*Dataset records*:
————
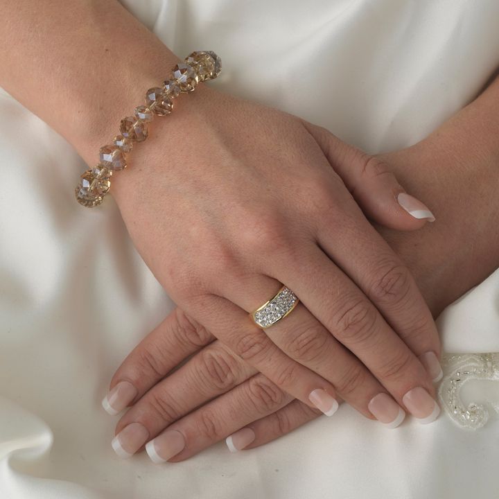 This stretch bracelet features sparkling light brown crystals that make the piece a beautiful choice for your modern, classic, or vintage inspired wedding. The bracelet measures 2 3/4" while at rest.
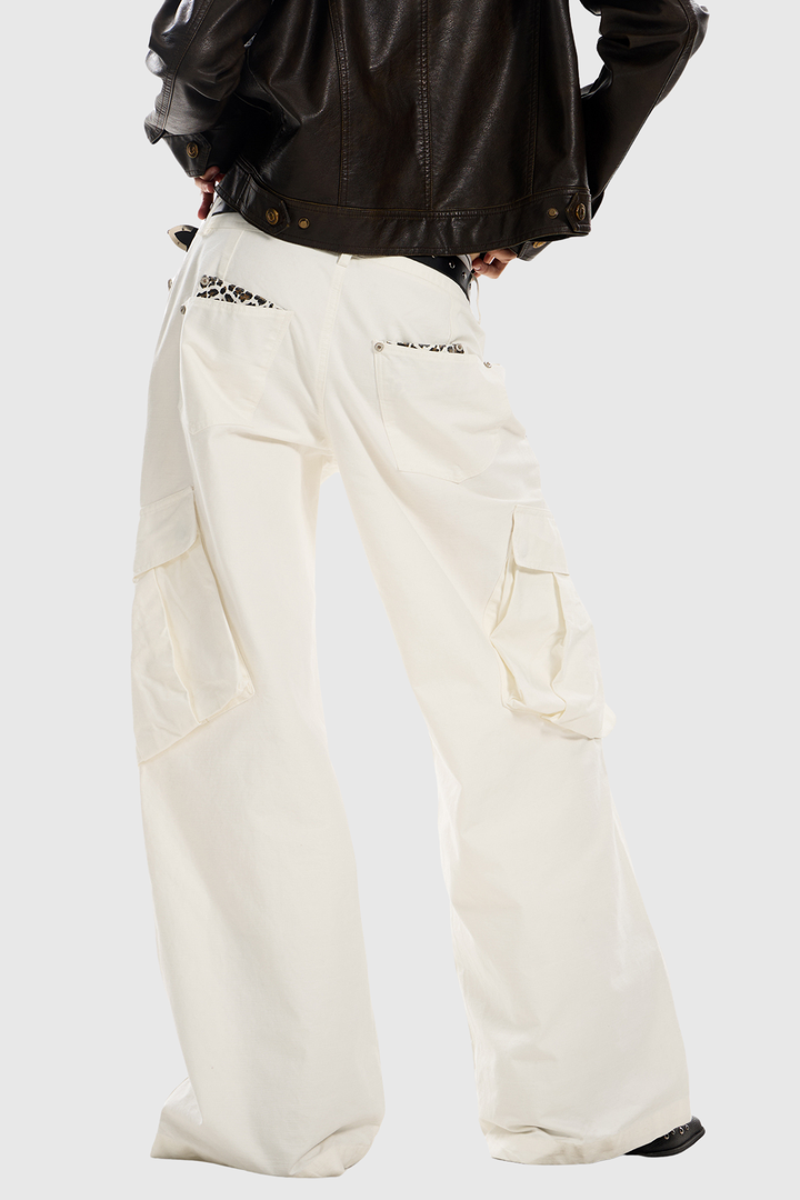 Diocletian Deconstruct Leopard Cargo Jeans In White
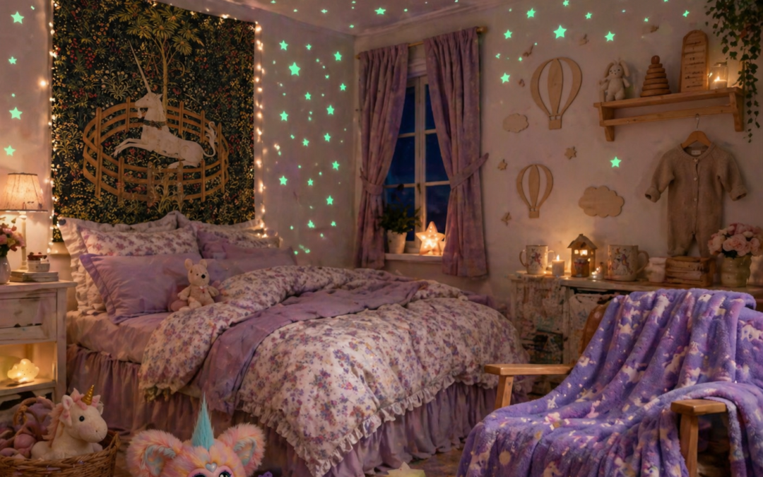 En tydlig trend som fortsätter växa är fascinationen för glow-in-the-dark detaljer. Det handlar om att skapa en trygg och fantasifull miljö när lamporna släcks – där rummet inte blir mörkt och tomt, utan istället förvandlas till något magiskt. För barn kan detta göra stor skillnad vid läggdags, då mjuka ljuspunkter skapar en lugnande och trygg känsla samtidigt som fantasin får utrymme att leva vidare.
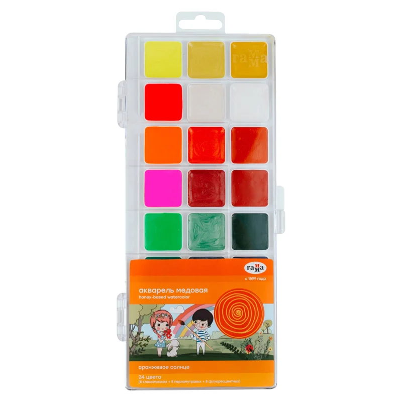Акварель Гамма 'Оранжевое солнце', медовая, 24 цветов (8 перламутр.+ 8 флуор.+ 8 классич.), без кист
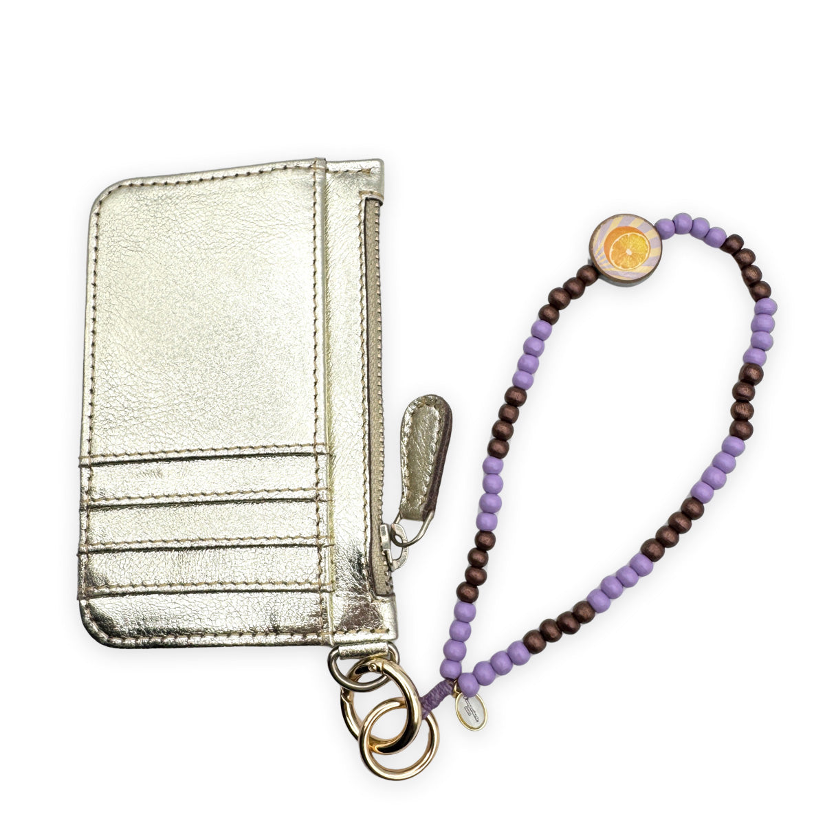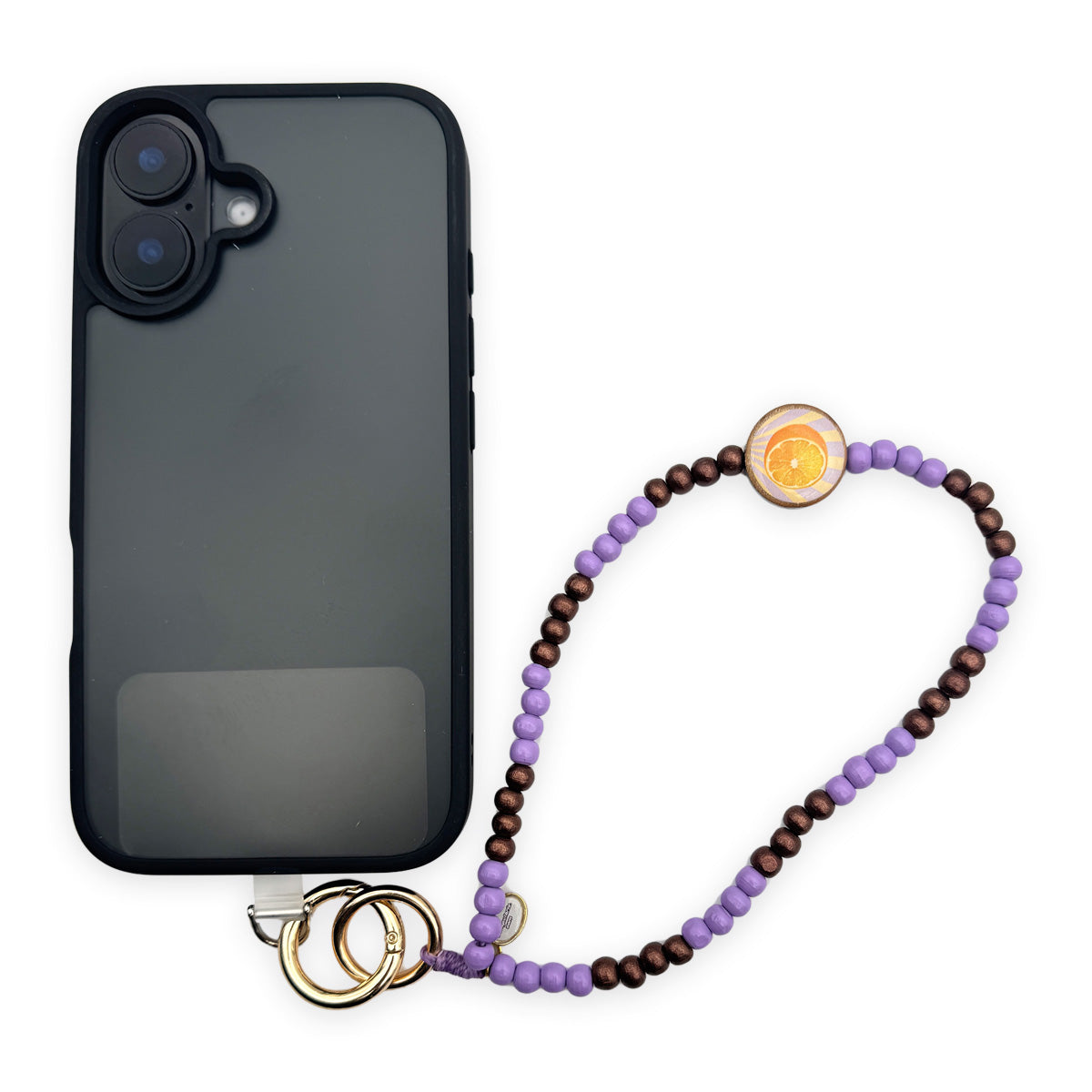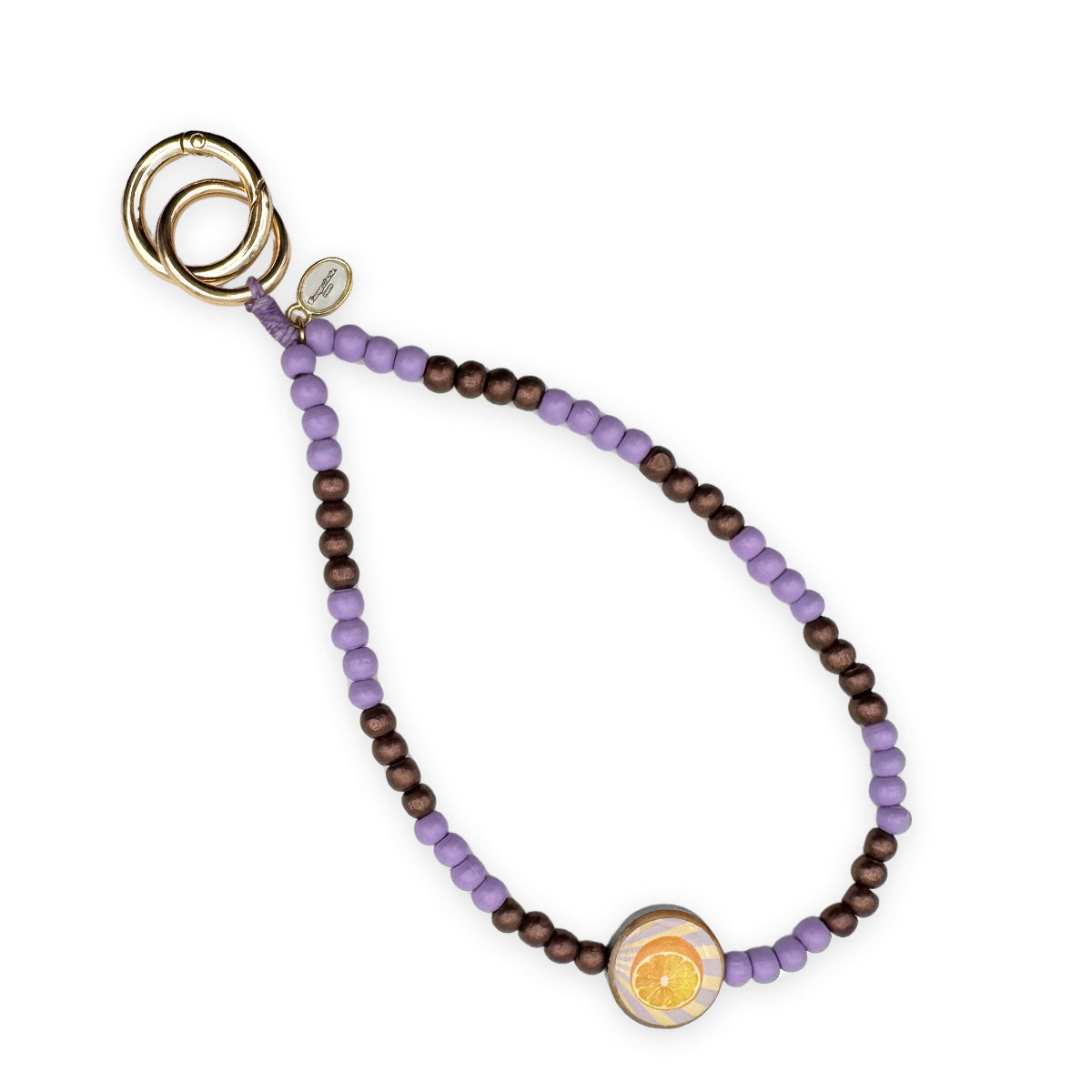 Unsere neueste kurze Handykette mit flieder-bronzenen 6mm Holzperlen und bedruckter Printscheibe, mit Streifen-Orangenmotiv,hat eine Länge von ca. 20 cm und ist handgeknüpft. Sie ist auf einem hochwertigen gewachsten Baumwollfaden aufgefädelt und durch einen goldenen Taschenring mit Klickverschluss kinderleicht mit ihrem bestehenden Handykettencover oder Universalplättchen zu verbinden.
————
*Exercise goal*: Everything from the line containing "En tydlig trend" through the last line of the entries is to be output exactly as written, minus any pictures.

*The answer*:
 En tydlig trend som fortsätter växa är fascinationen för glow-in-the-dark detaljer. Det handlar om att skapa en trygg och fantasifull miljö när lamporna släcks – där rummet inte blir mörkt och tomt, utan istället förvandlas till något magiskt. För barn kan detta göra stor skillnad vid läggdags, då mjuka ljuspunkter skapar en lugnande och trygg känsla samtidigt som fantasin får utrymme att leva vidare.
Акварель Гамма 'Оранжевое солнце', медовая, 24 цветов (8 перламутр.+ 8 флуор.+ 8 классич.), без кист
 Unsere neueste kurze Handykette mit flieder-bronzenen 6mm Holzperlen und bedruckter Printscheibe, mit Streifen-Orangenmotiv,hat eine Länge von ca. 20 cm und ist handgeknüpft. Sie ist auf einem hochwertigen gewachsten Baumwollfaden aufgefädelt und durch einen goldenen Taschenring mit Klickverschluss kinderleicht mit ihrem bestehenden Handykettencover oder Universalplättchen zu verbinden.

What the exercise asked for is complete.